In the process of selling a medical practice, so much time and energy is used trying to find a buyer that you may overlook preparing for the moment when you begin getting calls or emails from someone who is interested in getting more information.
While a lot of people choose to just wing it on their first calls, we prefer to hew close to that old saying that luck happens when preparation meets opportunity. The opportunity is borne out of your marketing of the practice, whether online, through snail mail, or word of mouth.
And while we do a lot of work for people to create those opportunities through our marketing campaigns here at Sellingapractice.com, this post is more about some simple steps, a roadmap of sorts, to prepare you in speaking to a potential buyer.
What follows are five important steps to consider when preparing to sell your medical practice, before you talk to a potential buyer for the first time.

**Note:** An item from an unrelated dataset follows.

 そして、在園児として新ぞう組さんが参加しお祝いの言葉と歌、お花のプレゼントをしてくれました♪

Before you start talking details, you need to be prepared with a non-disclosure agreement (NDA). There are many different levels of “security” in an NDA, and we’re happy to create one for you that you can use with your potential buyers.
It may seem awkward to ask a stranger to sign an NDA, but it is common practice when selling a business of any kind.

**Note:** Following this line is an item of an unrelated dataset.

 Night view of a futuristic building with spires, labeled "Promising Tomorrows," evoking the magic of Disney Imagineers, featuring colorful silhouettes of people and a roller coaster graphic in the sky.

Your practice is valuable, and asking for an NDA is further proof of that. The easiest way to do so is to tell the potential buyer that you would like to email them an NDA, and make an appointment thereafter for a time to talk on the phone or in person.
If someone refuses to sign an NDA, you don’t want him or her to be your buyer. Plenty more important signed documents will be coming after that NDA if you’re to have a successful sale, so anyone who shies away from it is…someone you should shy away from.
Once you are talking to someone (likely on the phone first), be sure to ask a lot of questions about them, their goals, what they want their lives to look like.
You're not just being interviewed; you're interviewing them so you don't waste time with the wrong person.
Assuming they sound ok on the phone, you may wish to ask if/when they might like to come up and spend a day shadowing you (or perhaps half a day). One or two days max. That should be enough to give them a sense of how you do things before you take it to the next level.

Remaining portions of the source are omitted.